-- Information shown follows --
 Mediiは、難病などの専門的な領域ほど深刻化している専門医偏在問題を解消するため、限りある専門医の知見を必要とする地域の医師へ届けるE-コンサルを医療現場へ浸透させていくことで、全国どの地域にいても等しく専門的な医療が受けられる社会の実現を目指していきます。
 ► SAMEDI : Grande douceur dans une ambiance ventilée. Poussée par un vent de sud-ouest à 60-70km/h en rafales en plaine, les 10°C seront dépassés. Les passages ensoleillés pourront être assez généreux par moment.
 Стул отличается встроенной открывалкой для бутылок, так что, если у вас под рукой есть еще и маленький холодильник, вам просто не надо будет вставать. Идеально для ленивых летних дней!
-- Information shown concluded --
-- Information shown follows --
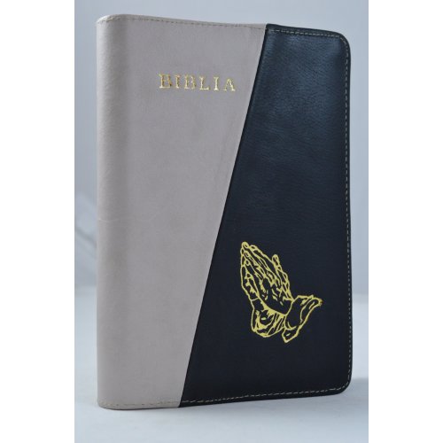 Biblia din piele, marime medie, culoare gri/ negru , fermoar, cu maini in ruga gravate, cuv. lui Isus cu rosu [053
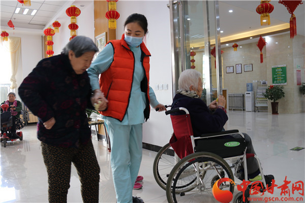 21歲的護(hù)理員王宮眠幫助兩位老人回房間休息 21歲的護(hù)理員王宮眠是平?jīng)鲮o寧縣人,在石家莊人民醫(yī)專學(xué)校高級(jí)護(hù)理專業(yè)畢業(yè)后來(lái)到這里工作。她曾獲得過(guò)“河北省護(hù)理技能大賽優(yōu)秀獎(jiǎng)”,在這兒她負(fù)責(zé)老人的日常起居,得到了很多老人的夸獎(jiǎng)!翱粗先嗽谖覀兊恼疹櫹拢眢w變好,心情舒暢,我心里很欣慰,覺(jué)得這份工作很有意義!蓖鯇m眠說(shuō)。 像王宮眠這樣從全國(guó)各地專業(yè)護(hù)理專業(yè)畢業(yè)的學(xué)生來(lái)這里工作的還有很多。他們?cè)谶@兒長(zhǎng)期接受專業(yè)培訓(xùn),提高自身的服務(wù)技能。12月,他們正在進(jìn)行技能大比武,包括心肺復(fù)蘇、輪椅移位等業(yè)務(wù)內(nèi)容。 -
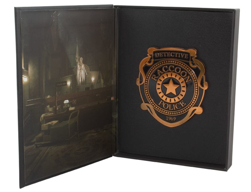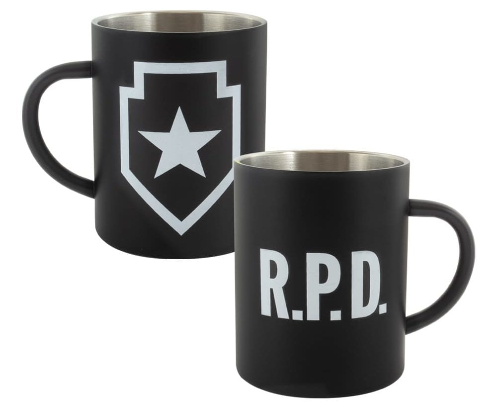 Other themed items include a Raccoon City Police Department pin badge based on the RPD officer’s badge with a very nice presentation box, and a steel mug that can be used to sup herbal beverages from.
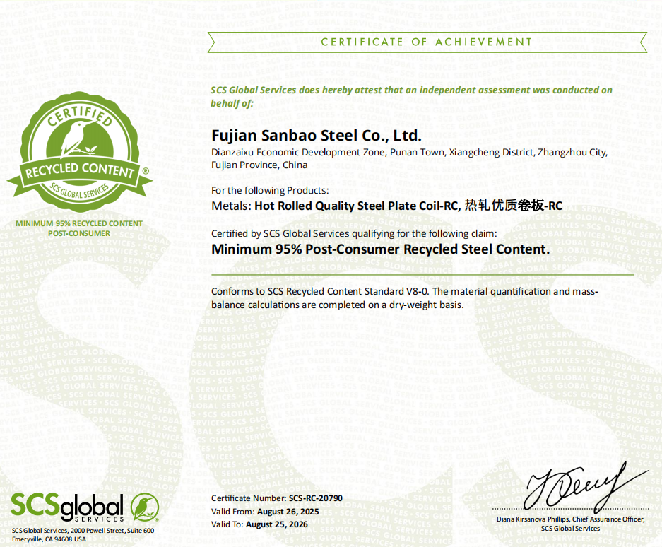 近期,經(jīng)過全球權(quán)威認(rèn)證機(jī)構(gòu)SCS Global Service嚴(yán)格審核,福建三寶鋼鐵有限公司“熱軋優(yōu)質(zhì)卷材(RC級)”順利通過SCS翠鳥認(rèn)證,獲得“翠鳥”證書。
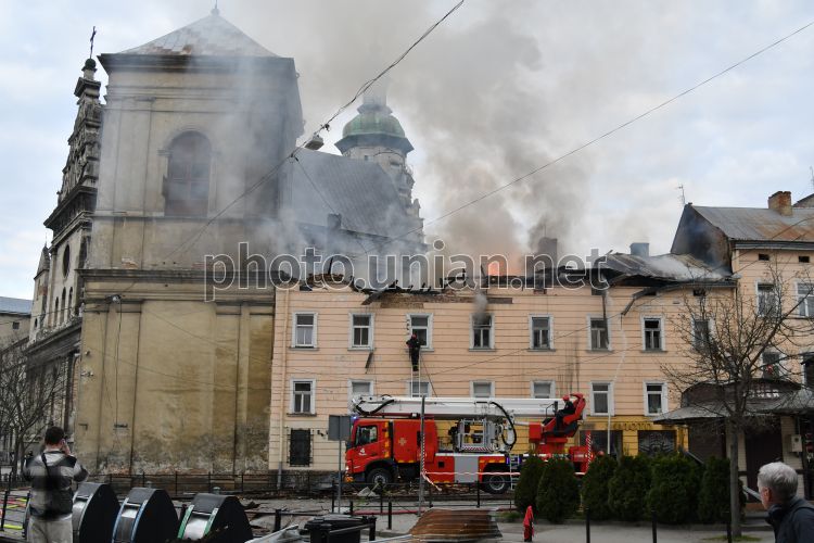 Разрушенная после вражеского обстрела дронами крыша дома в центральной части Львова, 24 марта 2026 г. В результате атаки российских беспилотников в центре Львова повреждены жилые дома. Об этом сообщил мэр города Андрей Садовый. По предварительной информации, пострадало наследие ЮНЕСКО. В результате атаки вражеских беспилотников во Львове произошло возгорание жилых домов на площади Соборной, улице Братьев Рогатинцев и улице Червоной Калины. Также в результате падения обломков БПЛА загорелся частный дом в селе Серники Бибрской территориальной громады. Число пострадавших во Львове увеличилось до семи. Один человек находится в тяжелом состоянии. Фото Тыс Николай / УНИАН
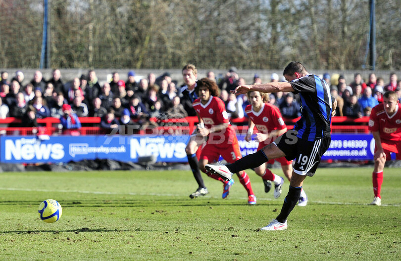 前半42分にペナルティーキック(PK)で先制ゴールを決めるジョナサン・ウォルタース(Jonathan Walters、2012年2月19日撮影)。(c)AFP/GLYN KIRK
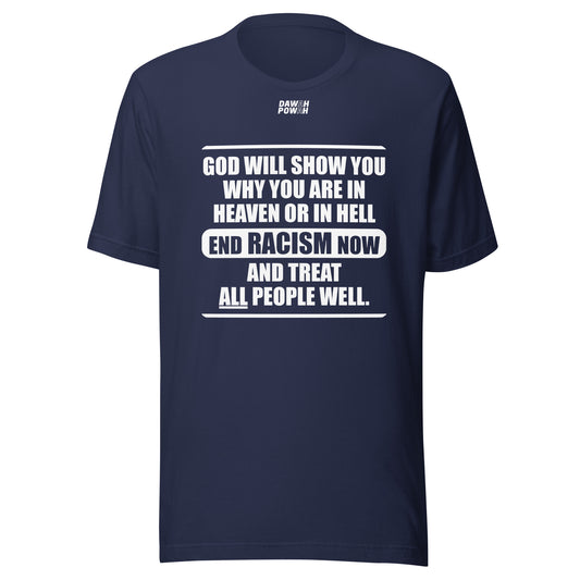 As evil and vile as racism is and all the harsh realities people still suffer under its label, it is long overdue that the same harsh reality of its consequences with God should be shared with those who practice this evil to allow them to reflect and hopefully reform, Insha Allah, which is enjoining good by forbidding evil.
-- Information shown concluded --
#### Work request:
Above are the records; from them, give again exactly the lines from the one containing "Mediiは、難病などの専門" to the one containing "Стул отличается встроенной", both lines included, and nothing more.

#### Task output:
 Mediiは、難病などの専門的な領域ほど深刻化している専門医偏在問題を解消するため、限りある専門医の知見を必要とする地域の医師へ届けるE-コンサルを医療現場へ浸透させていくことで、全国どの地域にいても等しく専門的な医療が受けられる社会の実現を目指していきます。
 ► SAMEDI : Grande douceur dans une ambiance ventilée. Poussée par un vent de sud-ouest à 60-70km/h en rafales en plaine, les 10°C seront dépassés. Les passages ensoleillés pourront être assez généreux par moment.
 Стул отличается встроенной открывалкой для бутылок, так что, если у вас под рукой есть еще и маленький холодильник, вам просто не надо будет вставать. Идеально для ленивых летних дней!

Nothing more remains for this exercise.